Output the data below only from the line containing "De belangrijkste uitdaging" up to and including the line containing "1月27日、新聞、雑誌、書籍", exact and with the pictures left out.

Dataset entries
----------------------------------------
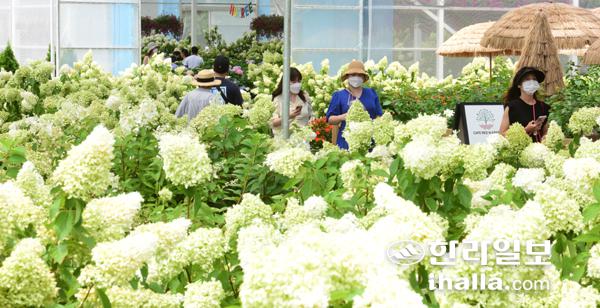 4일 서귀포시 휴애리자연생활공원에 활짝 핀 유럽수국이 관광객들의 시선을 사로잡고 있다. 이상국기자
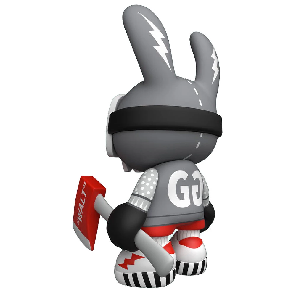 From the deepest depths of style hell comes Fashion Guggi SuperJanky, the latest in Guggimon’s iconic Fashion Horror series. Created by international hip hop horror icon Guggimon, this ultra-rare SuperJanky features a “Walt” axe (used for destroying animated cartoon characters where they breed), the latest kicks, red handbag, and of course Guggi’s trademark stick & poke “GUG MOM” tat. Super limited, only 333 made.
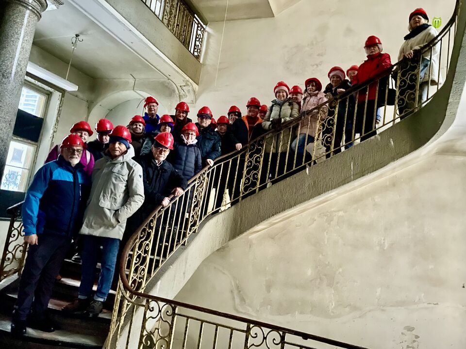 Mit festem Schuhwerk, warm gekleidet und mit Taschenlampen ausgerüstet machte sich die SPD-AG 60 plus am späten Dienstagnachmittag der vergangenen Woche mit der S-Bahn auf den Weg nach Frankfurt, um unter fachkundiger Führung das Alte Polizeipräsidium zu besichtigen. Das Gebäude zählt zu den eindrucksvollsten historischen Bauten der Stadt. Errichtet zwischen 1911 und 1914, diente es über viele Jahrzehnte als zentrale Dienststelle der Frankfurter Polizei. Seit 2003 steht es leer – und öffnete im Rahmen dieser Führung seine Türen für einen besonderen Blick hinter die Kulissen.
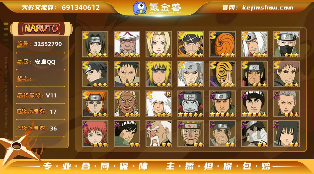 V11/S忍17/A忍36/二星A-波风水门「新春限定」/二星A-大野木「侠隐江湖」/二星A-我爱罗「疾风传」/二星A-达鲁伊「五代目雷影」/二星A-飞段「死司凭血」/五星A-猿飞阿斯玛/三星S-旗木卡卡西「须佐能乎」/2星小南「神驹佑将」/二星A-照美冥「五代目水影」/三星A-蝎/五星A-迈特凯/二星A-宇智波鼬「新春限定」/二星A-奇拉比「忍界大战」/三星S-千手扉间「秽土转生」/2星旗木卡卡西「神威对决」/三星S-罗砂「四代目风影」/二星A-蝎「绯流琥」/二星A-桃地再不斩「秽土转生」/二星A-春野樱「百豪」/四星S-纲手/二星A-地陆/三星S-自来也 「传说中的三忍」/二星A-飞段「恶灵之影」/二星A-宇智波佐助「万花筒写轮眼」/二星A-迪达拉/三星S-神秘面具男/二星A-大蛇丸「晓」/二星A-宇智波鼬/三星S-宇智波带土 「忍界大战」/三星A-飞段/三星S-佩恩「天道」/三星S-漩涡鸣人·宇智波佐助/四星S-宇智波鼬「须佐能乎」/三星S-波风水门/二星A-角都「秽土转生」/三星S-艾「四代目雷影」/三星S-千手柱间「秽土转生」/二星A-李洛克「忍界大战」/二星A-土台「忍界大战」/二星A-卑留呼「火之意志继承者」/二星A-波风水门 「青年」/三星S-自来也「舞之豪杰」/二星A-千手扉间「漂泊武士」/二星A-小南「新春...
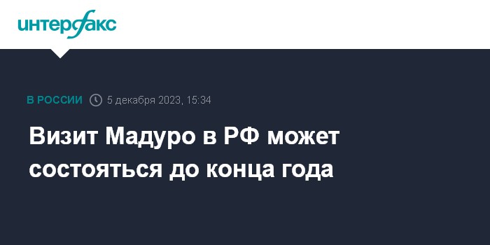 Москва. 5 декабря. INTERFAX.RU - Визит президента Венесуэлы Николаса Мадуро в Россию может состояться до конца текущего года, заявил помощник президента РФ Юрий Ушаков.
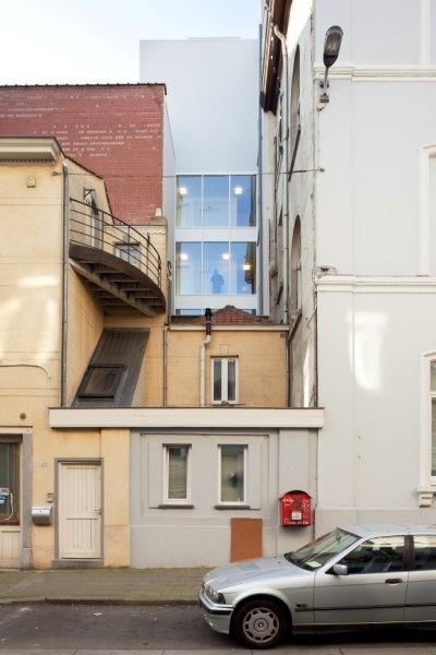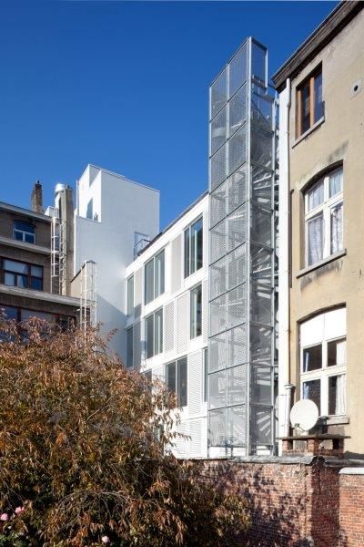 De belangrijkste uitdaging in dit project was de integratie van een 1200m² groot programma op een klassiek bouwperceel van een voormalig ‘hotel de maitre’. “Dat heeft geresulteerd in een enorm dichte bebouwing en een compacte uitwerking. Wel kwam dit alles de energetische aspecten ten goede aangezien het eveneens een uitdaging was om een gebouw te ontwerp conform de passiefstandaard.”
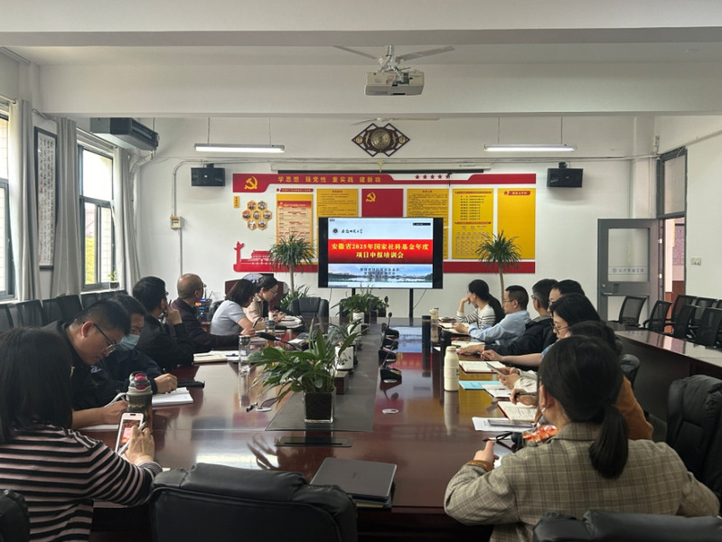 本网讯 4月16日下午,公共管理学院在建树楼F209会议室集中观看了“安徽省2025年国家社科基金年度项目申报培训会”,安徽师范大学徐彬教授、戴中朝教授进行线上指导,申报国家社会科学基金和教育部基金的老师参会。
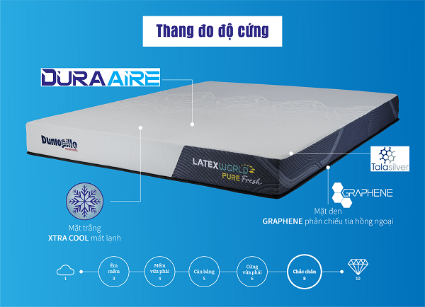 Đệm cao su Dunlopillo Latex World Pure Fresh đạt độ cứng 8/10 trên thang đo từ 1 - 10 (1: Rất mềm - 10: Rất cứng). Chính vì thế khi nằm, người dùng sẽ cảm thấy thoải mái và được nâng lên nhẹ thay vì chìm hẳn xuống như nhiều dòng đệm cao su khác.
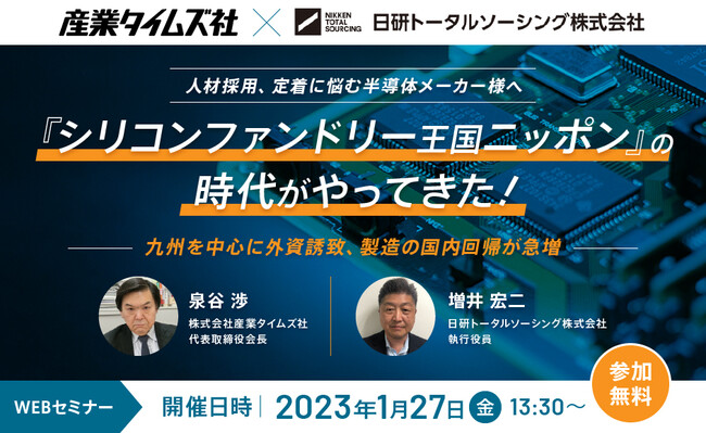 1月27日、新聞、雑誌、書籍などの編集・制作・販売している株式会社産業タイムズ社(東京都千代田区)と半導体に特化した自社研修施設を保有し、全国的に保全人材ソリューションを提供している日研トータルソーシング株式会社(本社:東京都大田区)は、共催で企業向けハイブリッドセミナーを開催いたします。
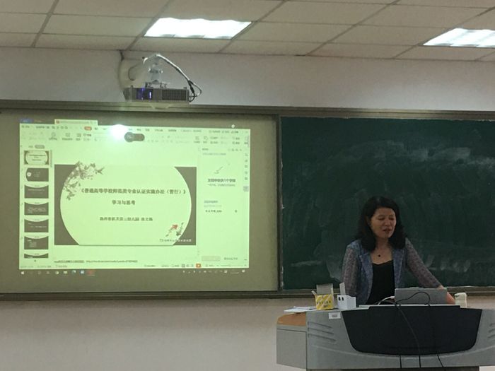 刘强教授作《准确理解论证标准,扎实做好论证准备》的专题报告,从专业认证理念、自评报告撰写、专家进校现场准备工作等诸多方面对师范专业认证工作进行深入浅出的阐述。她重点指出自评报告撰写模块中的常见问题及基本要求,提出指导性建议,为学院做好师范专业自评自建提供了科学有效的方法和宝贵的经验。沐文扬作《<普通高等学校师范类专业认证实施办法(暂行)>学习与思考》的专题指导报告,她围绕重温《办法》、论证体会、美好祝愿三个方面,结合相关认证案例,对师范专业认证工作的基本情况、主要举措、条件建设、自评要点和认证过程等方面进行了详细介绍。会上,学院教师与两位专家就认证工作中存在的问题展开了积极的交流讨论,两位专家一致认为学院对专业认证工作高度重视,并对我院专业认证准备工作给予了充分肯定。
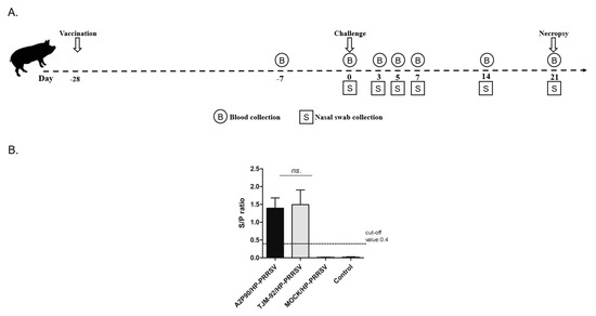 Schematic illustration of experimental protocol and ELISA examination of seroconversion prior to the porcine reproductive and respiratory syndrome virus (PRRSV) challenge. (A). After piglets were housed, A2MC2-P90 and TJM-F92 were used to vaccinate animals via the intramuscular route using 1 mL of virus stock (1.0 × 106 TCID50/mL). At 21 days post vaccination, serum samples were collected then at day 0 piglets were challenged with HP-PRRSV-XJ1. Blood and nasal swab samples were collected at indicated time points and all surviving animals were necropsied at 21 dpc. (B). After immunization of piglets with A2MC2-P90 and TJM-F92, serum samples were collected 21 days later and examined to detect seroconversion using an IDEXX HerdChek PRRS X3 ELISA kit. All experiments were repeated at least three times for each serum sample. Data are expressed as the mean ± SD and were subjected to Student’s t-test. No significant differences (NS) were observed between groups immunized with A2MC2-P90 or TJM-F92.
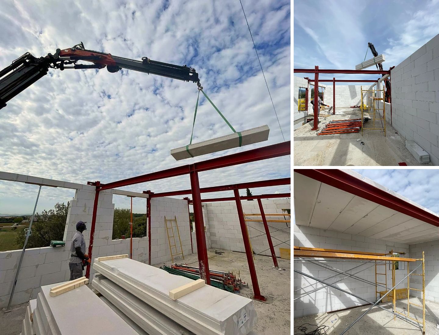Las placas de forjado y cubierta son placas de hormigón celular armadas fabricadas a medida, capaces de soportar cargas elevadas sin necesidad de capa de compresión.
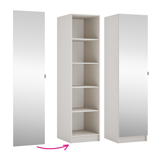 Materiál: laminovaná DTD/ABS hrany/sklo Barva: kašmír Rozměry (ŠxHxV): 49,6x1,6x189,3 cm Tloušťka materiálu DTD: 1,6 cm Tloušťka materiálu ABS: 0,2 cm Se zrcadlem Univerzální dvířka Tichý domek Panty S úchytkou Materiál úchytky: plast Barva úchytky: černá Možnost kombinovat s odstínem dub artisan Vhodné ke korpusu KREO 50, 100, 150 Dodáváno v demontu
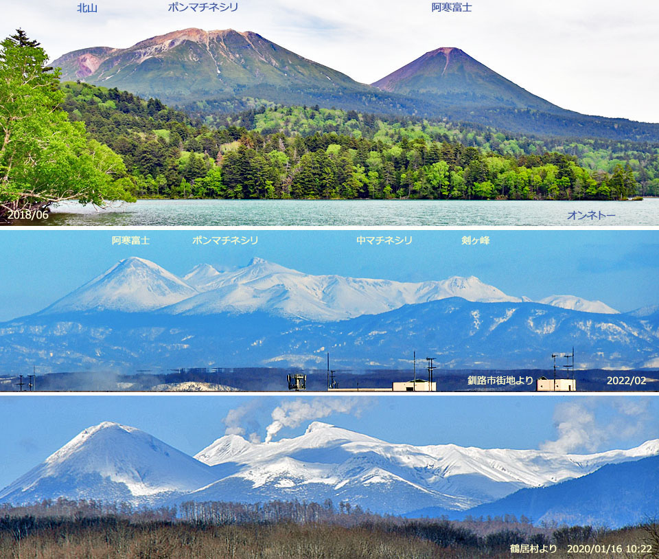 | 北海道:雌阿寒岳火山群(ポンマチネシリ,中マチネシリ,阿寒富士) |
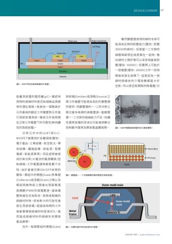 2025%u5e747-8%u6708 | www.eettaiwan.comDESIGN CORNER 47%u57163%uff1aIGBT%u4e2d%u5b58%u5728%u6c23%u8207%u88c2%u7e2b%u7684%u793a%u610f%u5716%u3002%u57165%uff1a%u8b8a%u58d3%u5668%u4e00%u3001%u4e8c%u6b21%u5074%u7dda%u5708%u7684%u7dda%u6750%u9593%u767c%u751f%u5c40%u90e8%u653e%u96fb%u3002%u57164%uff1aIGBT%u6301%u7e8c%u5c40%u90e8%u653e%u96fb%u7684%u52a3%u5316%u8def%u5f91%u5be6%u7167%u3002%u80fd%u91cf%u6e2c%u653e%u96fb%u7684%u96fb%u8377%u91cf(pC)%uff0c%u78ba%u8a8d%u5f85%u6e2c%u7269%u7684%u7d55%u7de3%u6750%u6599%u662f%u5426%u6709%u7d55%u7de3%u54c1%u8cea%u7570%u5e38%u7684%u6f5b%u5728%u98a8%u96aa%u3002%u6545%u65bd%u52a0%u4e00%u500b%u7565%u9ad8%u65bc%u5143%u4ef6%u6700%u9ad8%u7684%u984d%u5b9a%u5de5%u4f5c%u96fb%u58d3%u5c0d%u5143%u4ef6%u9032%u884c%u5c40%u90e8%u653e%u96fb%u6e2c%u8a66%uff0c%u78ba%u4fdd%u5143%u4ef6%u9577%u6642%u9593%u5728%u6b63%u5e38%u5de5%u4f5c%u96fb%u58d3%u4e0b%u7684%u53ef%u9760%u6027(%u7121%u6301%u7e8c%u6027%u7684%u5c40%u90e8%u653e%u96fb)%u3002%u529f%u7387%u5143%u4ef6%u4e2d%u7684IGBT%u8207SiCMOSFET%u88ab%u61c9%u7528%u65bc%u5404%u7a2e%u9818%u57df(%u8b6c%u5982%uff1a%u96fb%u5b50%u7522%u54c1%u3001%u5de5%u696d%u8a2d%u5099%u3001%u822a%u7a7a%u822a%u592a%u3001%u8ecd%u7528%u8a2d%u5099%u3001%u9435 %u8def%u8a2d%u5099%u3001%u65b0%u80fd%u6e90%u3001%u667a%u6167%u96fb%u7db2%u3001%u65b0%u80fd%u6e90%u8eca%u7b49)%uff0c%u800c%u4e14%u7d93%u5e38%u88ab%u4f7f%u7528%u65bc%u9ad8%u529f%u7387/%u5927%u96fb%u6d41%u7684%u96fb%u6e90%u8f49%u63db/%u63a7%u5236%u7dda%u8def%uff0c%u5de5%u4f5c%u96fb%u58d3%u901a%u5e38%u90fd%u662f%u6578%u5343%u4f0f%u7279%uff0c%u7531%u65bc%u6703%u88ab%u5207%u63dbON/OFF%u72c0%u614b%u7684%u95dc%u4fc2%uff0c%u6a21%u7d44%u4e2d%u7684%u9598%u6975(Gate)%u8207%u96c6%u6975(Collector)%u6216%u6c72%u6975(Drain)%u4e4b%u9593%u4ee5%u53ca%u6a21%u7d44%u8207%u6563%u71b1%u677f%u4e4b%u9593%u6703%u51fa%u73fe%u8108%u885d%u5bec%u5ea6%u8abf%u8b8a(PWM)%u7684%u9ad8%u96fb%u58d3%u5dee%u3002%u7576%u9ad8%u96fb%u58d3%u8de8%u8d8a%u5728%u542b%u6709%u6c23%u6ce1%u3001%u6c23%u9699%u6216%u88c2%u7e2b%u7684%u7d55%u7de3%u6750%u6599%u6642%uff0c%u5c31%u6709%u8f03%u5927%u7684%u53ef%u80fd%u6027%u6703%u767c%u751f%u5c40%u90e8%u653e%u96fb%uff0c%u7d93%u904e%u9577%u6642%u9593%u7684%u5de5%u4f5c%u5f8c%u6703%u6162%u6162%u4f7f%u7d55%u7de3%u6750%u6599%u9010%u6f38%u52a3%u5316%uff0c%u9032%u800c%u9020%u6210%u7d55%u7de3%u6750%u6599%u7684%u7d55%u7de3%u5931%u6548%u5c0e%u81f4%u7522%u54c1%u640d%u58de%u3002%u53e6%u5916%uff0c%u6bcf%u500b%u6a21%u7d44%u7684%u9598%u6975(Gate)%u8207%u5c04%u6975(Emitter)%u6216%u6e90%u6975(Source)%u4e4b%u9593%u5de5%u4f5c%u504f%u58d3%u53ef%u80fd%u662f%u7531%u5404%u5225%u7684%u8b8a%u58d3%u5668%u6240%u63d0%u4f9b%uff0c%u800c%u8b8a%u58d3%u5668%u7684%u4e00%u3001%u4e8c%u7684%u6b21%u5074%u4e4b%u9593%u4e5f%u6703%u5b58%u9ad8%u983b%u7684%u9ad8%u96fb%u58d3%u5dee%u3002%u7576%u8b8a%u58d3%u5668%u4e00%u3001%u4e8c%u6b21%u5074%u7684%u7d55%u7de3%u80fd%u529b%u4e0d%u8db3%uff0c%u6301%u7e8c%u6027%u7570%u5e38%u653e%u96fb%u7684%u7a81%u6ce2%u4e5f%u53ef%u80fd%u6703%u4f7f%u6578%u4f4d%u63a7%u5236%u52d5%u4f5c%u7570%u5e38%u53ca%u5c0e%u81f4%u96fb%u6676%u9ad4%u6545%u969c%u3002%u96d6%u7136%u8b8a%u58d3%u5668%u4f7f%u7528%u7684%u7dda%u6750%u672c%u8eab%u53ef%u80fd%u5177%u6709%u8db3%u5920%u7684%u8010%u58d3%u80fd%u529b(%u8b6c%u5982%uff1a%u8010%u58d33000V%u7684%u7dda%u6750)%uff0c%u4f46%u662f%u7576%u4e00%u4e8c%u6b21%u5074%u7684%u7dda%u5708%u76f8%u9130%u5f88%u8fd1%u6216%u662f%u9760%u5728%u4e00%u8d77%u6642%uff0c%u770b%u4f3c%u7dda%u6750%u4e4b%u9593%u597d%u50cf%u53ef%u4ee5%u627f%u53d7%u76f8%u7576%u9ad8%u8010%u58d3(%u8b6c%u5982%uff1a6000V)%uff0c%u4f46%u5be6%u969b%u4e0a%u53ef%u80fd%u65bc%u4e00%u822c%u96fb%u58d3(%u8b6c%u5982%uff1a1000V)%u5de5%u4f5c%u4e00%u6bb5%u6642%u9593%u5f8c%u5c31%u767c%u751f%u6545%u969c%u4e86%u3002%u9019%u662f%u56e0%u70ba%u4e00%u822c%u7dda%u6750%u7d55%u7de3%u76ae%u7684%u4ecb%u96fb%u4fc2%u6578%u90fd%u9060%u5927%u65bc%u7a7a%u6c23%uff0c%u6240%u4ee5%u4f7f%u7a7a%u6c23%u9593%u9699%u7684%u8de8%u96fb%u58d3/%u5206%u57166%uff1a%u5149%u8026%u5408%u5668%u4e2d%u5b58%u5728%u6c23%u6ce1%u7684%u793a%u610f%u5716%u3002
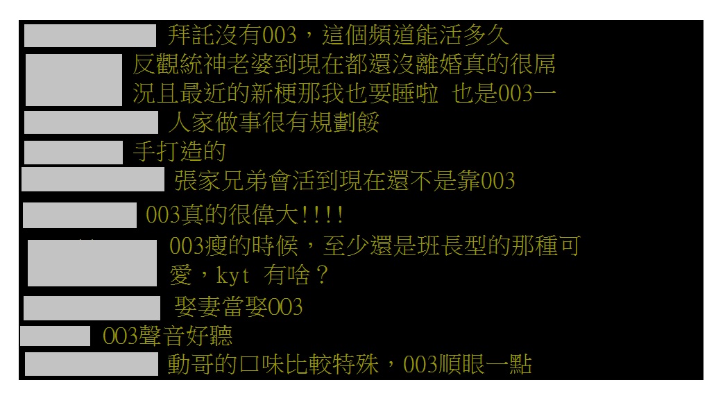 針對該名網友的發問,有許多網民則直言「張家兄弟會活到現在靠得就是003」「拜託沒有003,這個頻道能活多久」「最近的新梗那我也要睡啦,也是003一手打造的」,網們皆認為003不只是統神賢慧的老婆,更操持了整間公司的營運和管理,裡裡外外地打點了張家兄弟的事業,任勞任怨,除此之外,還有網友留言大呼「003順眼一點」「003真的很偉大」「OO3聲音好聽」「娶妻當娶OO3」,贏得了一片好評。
----------------------------------------
**Result**
 De belangrijkste uitdaging in dit project was de integratie van een 1200m² groot programma op een klassiek bouwperceel van een voormalig ‘hotel de maitre’. “Dat heeft geresulteerd in een enorm dichte bebouwing en een compacte uitwerking. Wel kwam dit alles de energetische aspecten ten goede aangezien het eveneens een uitdaging was om een gebouw te ontwerp conform de passiefstandaard.”
 本网讯 4月16日下午,公共管理学院在建树楼F209会议室集中观看了“安徽省2025年国家社科基金年度项目申报培训会”,安徽师范大学徐彬教授、戴中朝教授进行线上指导,申报国家社会科学基金和教育部基金的老师参会。
 Đệm cao su Dunlopillo Latex World Pure Fresh đạt độ cứng 8/10 trên thang đo từ 1 - 10 (1: Rất mềm - 10: Rất cứng). Chính vì thế khi nằm, người dùng sẽ cảm thấy thoải mái và được nâng lên nhẹ thay vì chìm hẳn xuống như nhiều dòng đệm cao su khác.
 1月27日、新聞、雑誌、書籍などの編集・制作・販売している株式会社産業タイムズ社(東京都千代田区)と半導体に特化した自社研修施設を保有し、全国的に保全人材ソリューションを提供している日研トータルソーシング株式会社(本社:東京都大田区)は、共催で企業向けハイブリッドセミナーを開催いたします。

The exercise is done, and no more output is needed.